Commissioner Weston turned to Professor Biscayne.
“Tell Cardona what you know about the place,” he said.
“I am familiar with this room,” declared Biscayne. “I visited Silas Harshaw here, perhaps a half dozen times, in the course of the last six months.
“I suppose that you have learned a great deal about him already; let me give you the information which I possess. Then you can check with what you have discovered.
“Silas Harshaw was working on an invention — a remote-control machine. He was very secretive about his plans, and he had very little success in interesting people in them.
“He wrote to me and asked me to visit him, which I did, about six months ago. The old man took me to his laboratory and brought me in here. He showed me just enough of his work to arouse my interest.
“Then it developed that he wanted me to influence my cousin, Arthur Wilhelm, to invest money in the experiments.”
“Arthur Wilhelm, the soap manufacturer?” inquired Cardona.
“Yes,” replied Biscayne. “Arthur is very wealthy. He agreed to let Silas Harshaw have three thousand dollars as a preliminary fund. Harshaw went to work, and I came here occasionally to see how he was progressing. My last visit was two days ago.
“I came here late in the afternoon. Harshaw’s servant, a man named Homer, let me in. Harshaw met me and brought me into this room.
“He said that he was going out for an hour, and asked me to remain here. He gave me a manuscript that he had written on remote control. I read it during his absence. It was crudely scrawled, in longhand, and was very vague in its details.

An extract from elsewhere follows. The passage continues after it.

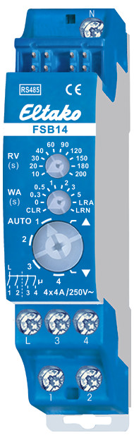 Schaltaktor Beschattungselemente und Rollladen mit 2 Kanälen für zwei 230V-Motoren. 2+2 Schließer 4A/250V AC, potenzialgetrennt von der Versorgungsspannung 12V. Bidirektional. Stand-by-Verlust nur 0,1 Watt. Reiheneinbaugerät für Montage auf Tragschiene. Anschluss an den Eltako-RS485-Bus. Querverdrahtung Bus und Stromversorgung mit Steckbrücke. Kontaktschaltung im Nulldurchgang zur Schonung der Kontakte und Motoren. Ein Motor wird an 1, 2 und N angeschlossen, ein zweiter Motor gegebenenfalls an 3, 4 und N. Sind beide Relais des FSB14 eingeschaltet, werden 0,4 Watt benötigt. Beim Ausfall der Versorgungsspannung wird definiert ausgeschaltet. Die Taster können entweder als Richtungstaster oder als Universaltaster eingelernt werden: Örtliche Steuerung mit Universaltaster: Mit jedem Impuls wechselt die Schaltstellung in der Reihenfolge Auf, Halt, Ab, Halt. Örtliche Steuerung mit Richtungstaster: Mit einem Tastimpuls oben wird die Schaltstellung Auf gezielt aktiviert. Mit einem Tastimpuls unten wird die Schaltstellung Ab gezielt aktiviert. Ein weiterer Tastimpuls in dieselbe Richtung unterbricht den Ablauf sofort. Bei einem Tastimpuls in die andere Richtung wird jedoch gestoppt und nach einer Pause von 500ms in die entgegengesetzte Fahrtrichtung umgeschaltet. Zentralsteuerung dynamisch ohne Priorität: Mit einem Steuersignal eines als Zentralsteuerungstaster ohne Priorität eingelernten Tasters wird gezielt die Schaltstellung Auf oben oder Ab unten aktiviert. Ohne Priorität deswegen, weil diese Funktion von anderen Steuersignalen übersteuert werden kann. Zentralsteuerung dynamisch mit Priorität: Mit einem Steuersignal von mindestens 2 Sekunden eines als Zentralsteuerungstaster mit Priorität eingelernten Tasters wird gezielt die Schaltstellung Auf oben und Ab unten aktiviert. Mit Priorität deswegen, weil diese Steuersignale nicht von anderen Steuersignalen übersteuert werden können, solange bis der Zentralbefehl durch einen Tastimpuls Auf oder Ab von dem Zentralsteuertaster wieder aufgehoben wird. Mit einem Steuersignal, z.B. eines als Zentralsteuerungstaster mit Priorität eingelernten FSM61, wird gezielt die Schaltstellung Auf oder Ab und die Priorität aktiviert. Mit Priorität deswegen, weil diese Steuersignale nicht von anderen Steuersignalen übersteuert werden können, solange bis der Zentralbefehl durch das Ende des Steuersignals wieder aufgehoben wird. Beschattungsszenen-Steuerung: Mit einem Steuersignal eines als Szenentaster eingelernten Tasters mit Doppelwippe oder automatisch durch einen zusätzlich eingelernten Funk-Außen-Helligkeitssensor, können bis zu 4 zuvor hinterlegte Ab-Laufzeiten abgerufen werden. Bei Steuerung über die GFVS-Software können Fahrbefehle für Auf und Ab mit der exakten Fahrzeitangabe gestartet werden. Da der Aktor nach jeder Aktivität, auch bei durch Taster ausgelöstes Fahren, exakt die gefahrene Zeit zurückmeldet, wird die Position der Beschattung in der GFVS-Software immer korrekt angezeigt. Bei Erreichen der Endlagen oben und unten wird die Position automatisch synchronisiert. Die LED unter dem oberen Drehschalter begleitet den Einlernvorgang gemäß Bedienungsanleitung und zeigt im Betrieb Steuerbefehle durch kurzes Aufblinken an.

“After Harshaw returned, he asked me if I could obtain more money from Arthur Wilhelm. I said that I would find out; but I offered no assurance.

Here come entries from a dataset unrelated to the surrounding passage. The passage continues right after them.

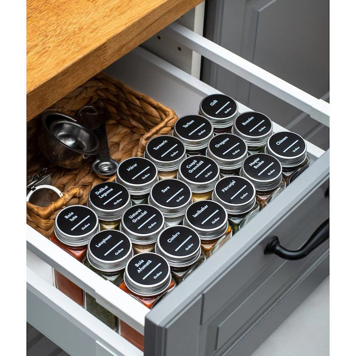 Spune adio borcănașelor fără nume sau condimentelor uitate în spate! Setul include:
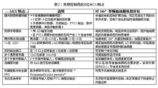 此外,這些MCU還具有帶2個自由中斷專用變頻控制模塊,以在PWM周期的任意時刻產(chǎn)生中斷,根據(jù)用戶需要的任意時刻對電流進行采樣;專用于控制 PWM高阻態(tài)輸出的獨立外部信號輸入,可在非正常情況下快速停止風(fēng)扇的轉(zhuǎn)動;以及8位的可編程死區(qū)控制(死區(qū)時間范圍:0.1 s~25.6 s)等。圖2顯示了8位變頻控制MCU的主要特點,表2則這些功能給出了詳細說明。
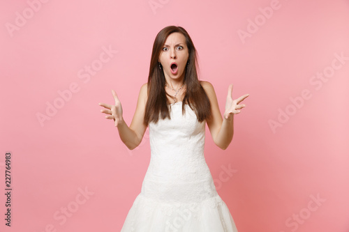 Portrait of angry shocked bride woman with opened mouth in white wedding dress standing spreading hands isolated on pink pastel background. Wedding celebration concept. Copy space for advertisement.

“I left at seven o’clock, and Homer went with me. The servant told me that he had been discharged, and that he was not coming back. He did not know why Harshaw had dismissed him. I could have told him, but I refrained from doing so.”
“Why was that?” asked Cardona.
“First,” explained Biscayne, “I think Harshaw must have mistrusted the man. I don’t think he ever left Homer here alone. He insisted that I bolt the door while I was inside here, two days ago.
“Second, Harshaw was planning to take a trip to Florida, for his health. He told me that in confidence. Naturally, he would not need the servant while he was gone. He did not want people to know of his absence.”
“Do you think,” questioned Cardona, “that Harshaw was afraid some one might try to get in here and steal his plans?”
“Yes,” replied Biscayne, “I do. He told me once that he had a model of his remote-control machine, and that he had put it where no one could possibly find it. He also spoke vaguely of enemies.
“He said — I can recall his exact words — that he kept their names in his head, and that was where he kept his plans, also. He said that they would like to steal his model, but that he had planned to prevent them.
“He mentioned those enemies two nights ago, and his remarks might have been construed as threats against those unknown persons. But he was so vague and eccentric in all his statements that it was difficult to get his exact meaning.”
“Do you really think that he had enemies?” Cardona asked.
Biscayne replied with a broad smile:
“Perhaps they were actual only in his own head — as he himself said. Harshaw was an interesting but complex study in psychology, and my contact with him was too occasional to enable me to fathom him.”
CARDONA drew a report sheet from his pocket and referred to notations which he had made.
“We have covered just about everything that you have told me, professor,” said the detective. “We have tried to trace Harshaw’s servant. The man’s name is Homer Briggs. We have been unable to locate him.